- [Requirement]: What is needed is the full listing written out exactly, minus the pictures.

- [Data excerpt]:
=== Begin Enclosure ===

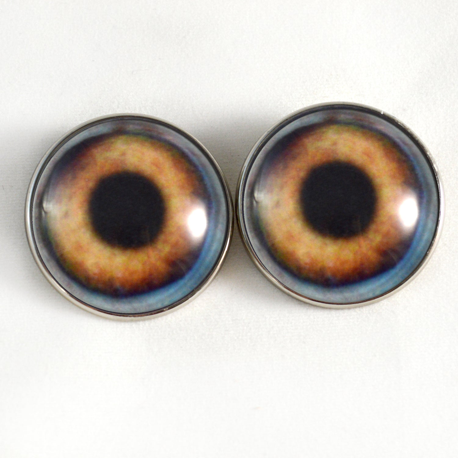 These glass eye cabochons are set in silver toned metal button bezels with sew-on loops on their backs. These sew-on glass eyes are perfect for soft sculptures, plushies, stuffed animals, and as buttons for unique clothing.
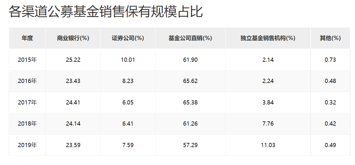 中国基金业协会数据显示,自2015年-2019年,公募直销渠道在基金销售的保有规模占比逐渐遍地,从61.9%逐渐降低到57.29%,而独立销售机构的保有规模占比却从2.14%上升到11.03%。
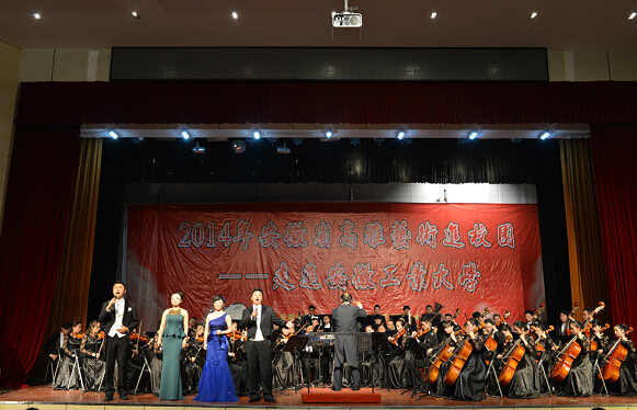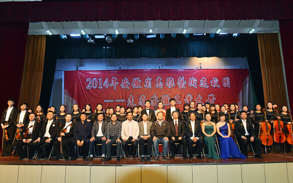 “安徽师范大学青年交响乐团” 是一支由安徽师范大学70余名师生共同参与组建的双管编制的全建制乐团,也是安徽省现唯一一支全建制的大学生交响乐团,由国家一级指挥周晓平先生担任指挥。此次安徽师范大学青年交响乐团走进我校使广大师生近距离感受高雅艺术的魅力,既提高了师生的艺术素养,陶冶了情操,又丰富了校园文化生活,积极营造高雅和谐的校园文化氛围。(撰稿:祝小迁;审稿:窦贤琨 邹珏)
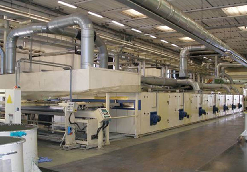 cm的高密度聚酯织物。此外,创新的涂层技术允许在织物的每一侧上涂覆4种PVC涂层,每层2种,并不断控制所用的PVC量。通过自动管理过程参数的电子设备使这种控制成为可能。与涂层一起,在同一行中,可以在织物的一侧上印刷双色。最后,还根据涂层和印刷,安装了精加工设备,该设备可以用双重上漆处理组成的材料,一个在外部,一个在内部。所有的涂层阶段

=== End Enclosure ===

- [Output of the exercise]:
 These glass eye cabochons are set in silver toned metal button bezels with sew-on loops on their backs. These sew-on glass eyes are perfect for soft sculptures, plushies, stuffed animals, and as buttons for unique clothing.
 中国基金业协会数据显示,自2015年-2019年,公募直销渠道在基金销售的保有规模占比逐渐遍地,从61.9%逐渐降低到57.29%,而独立销售机构的保有规模占比却从2.14%上升到11.03%。
 “安徽师范大学青年交响乐团” 是一支由安徽师范大学70余名师生共同参与组建的双管编制的全建制乐团,也是安徽省现唯一一支全建制的大学生交响乐团,由国家一级指挥周晓平先生担任指挥。此次安徽师范大学青年交响乐团走进我校使广大师生近距离感受高雅艺术的魅力,既提高了师生的艺术素养,陶冶了情操,又丰富了校园文化生活,积极营造高雅和谐的校园文化氛围。(撰稿:祝小迁;审稿:窦贤琨 邹珏)
 cm的高密度聚酯织物。此外,创新的涂层技术允许在织物的每一侧上涂覆4种PVC涂层,每层2种,并不断控制所用的PVC量。通过自动管理过程参数的电子设备使这种控制成为可能。与涂层一起,在同一行中,可以在织物的一侧上印刷双色。最后,还根据涂层和印刷,安装了精加工设备,该设备可以用双重上漆处理组成的材料,一个在外部,一个在内部。所有的涂层阶段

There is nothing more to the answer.